Textual entailment recognition is the task of deciding, given two text fragments, whether the meaning of one text can be deduced from the other. This year, at our third participation in the RTE competition, we improved the system built for the RTE4 competition. Main Task: The main idea of our system is to map every word in the hypothesis to one or more words in the text. For that, we transform the hypothesis, using extensive semantic knowledge from sources like DIRT, WordNet, VerbOcean, Wikipedia and the Acronym database. The main improvement this year was related to the pre-processing part. Last year we observed how this part can improve the quality of the output for the tools used (LingPipe and Minipar). Because this year the texts were obtained from a variety of sources and were not edited from their source documents, we focused on this part. Thus, we identify and eliminate special characters that occur frequently on web pages. This choice is based on the fact that “with or without these characters the meaning of the text is the same, but the quality of the tools output is improved. Additionally, we process the LingPipe output with GATE in order to identify some named entities categories unidentified by LingPipe such as nationality, language, and job. One of the better components of last year’s system, the one responsible with the solving of contradiction cases, has not functioned properly this year.
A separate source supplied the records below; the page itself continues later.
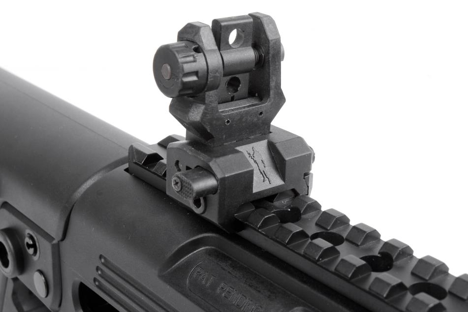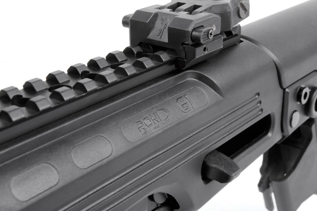 The Airsoft RONI G1 Pistol-Carbine Conversion is ergonomic designed and equipped with ambidextrous front and rear sling mounts, and large charging handle. Charging the weapon is easy and it is user friendly to both left and right handed operators. It is integrated with a CNC machined Aluminum top and 2 side rails for mounting accessories, and a Nylon Fiber lower rail to mount any forearm grip. The RONI is equipped with an adjustable 5 position buttstock, and features a spare magazine holder for faster reloading. The adjustable cheek rest on the buttstock is removable. The RONI Pistol Carbine Conversion includes a pair of flip-up sights, a detachable folding forearm grip and a charging handle.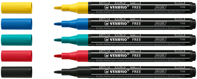 Marqueur peinture STABILO Free Acrylic T100 Royal assorti 5 pièces
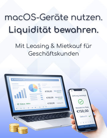 Unsere Leasing- und Mietkaufoptionen ermöglichen es Unternehmen und Selbstständigen, hochwertige macOS-Geräte zu nutzen, ohne hohe Einmalzahlungen leisten zu müssen. Sie profitieren von planbaren Kosten, steuerlichen Vorteilen und maximaler Flexibilität.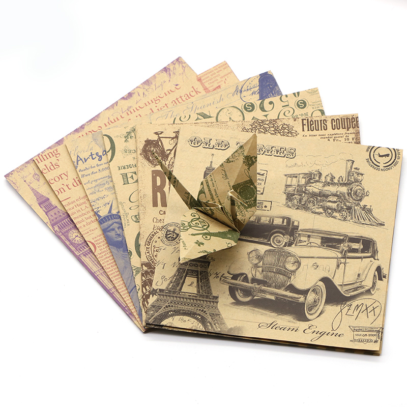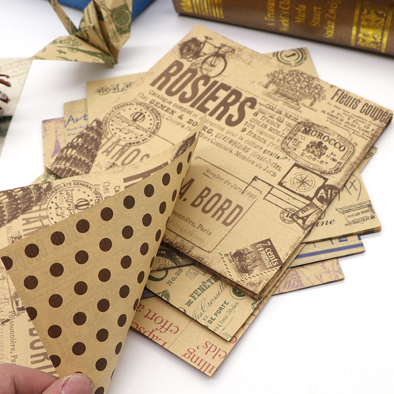 15厘米正方形复古怀旧欧美双面印花手工折纸手账花纹牛皮纸材料
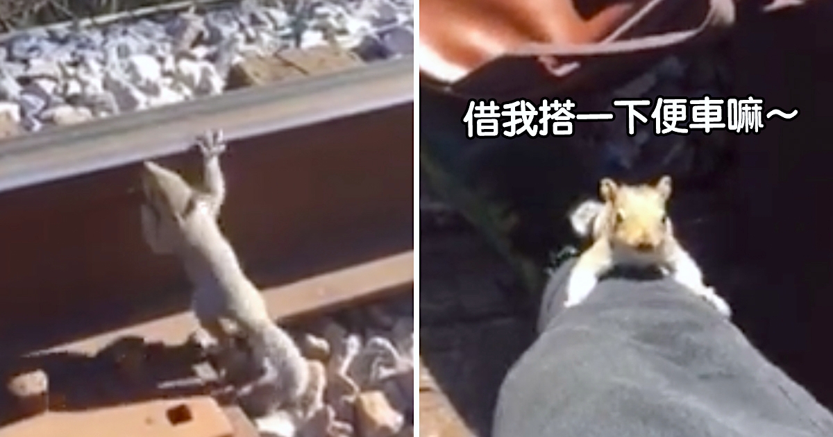 小松鼠跳不過鐵軌很慌 遇到好心人「超懂抱大腿」:拜託載我~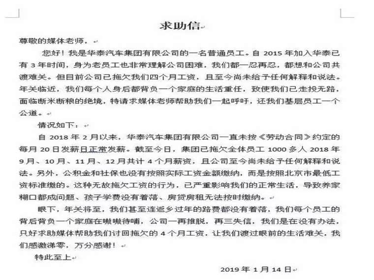 据了解,1月14日,华泰员工一封求助信将华泰汽车欠薪事件曝光至公众视野。华泰员工在信中表示,自2018年2月以来就从未按时发放工资,并至少欠薪4个月。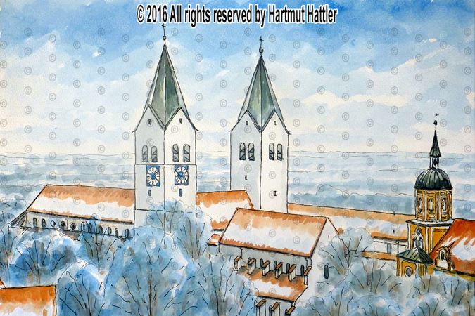 Sämtliche hier gezeigten Motive können Sie sowohl als Aquarell-Bilder, handgemalte Originale, gerahmt (ca. 510x410mm) oder ungerahmt (ca. 390x290mm) oder/und als Postkarten und Grußkarten erwerben. Sie können zu den Post- und Grußkarten auch eigene Texte angeben, welche dann auf den Motiven zu sehen sind. Auch die Text-Positionen sind frei wählbar. Auf Wunsch können auch entsprechende Orts- und Objektangaben passend zu den Motiven angegeben werden. Alles in wählbaren Schriftarten wie Druck- oder Schmuckschriften. Dazu kontaktieren Sie mich bitte!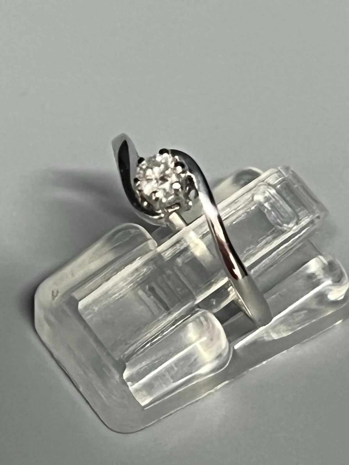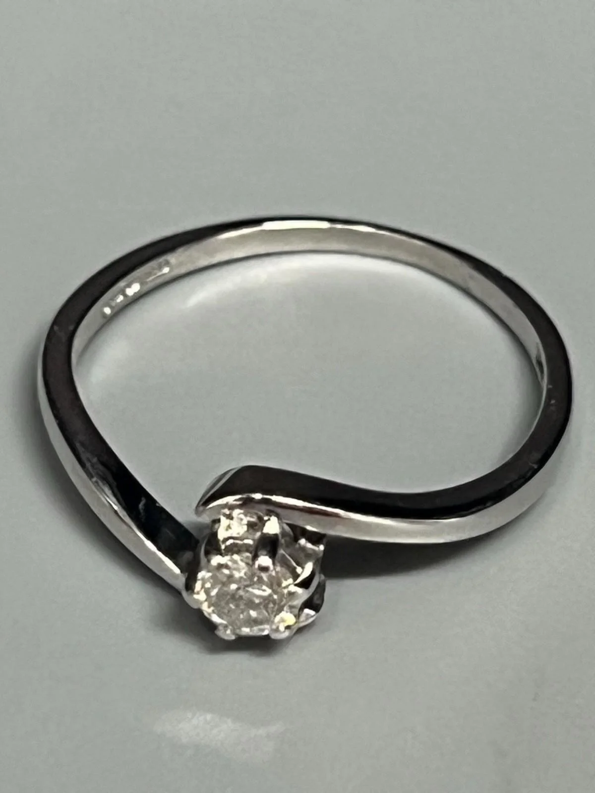 SHOP › 9ct WHITE GOLD TWIST DESIGN DIAMOND RING Image 1 of 7 Image 2 of 7 Image 3 of 7 Image 4 of 7 Image 5 of 7 Image 6 of 7 Image 7 of 7 9ct WHITE GOLD TWIST DESIGN DIAMOND RING £220.00 9ct WHITE GOLD TWIST DESIGN DIAMOND SOLITAIRE RING Ladies 9ct white gold diamond ring in a twist design, an arm at top and bottom of diamond. Ring size M Weight 1.8g Diamond weight 0.15pts Item Number A1269 Add To Cart Added! 9ct WHITE GOLD TWIST DESIGN DIAMOND SOLITAIRE RING Ladies 9ct white gold diamond ring in a twist design, an arm at top and bottom of diamond. Ring size M Weight 1.8g Diamond weight 0.15pts Item Number A1269

Also, cases in which the texts were very long and hypothesis were very short, but for which most of the words in the hypothesis were found in the text, were not treated properly by our system, because we did not use proper differences that come from semantic role labeling. Pilot Task: Regarding the new pilot task introduced this year, we used Lucene in order to index documents in which we must identify sentences that entail a given hypothesis. On this index we performed searches using the initial hypotheses, and after filtering the results offered by Lucene, we applied our RTE system.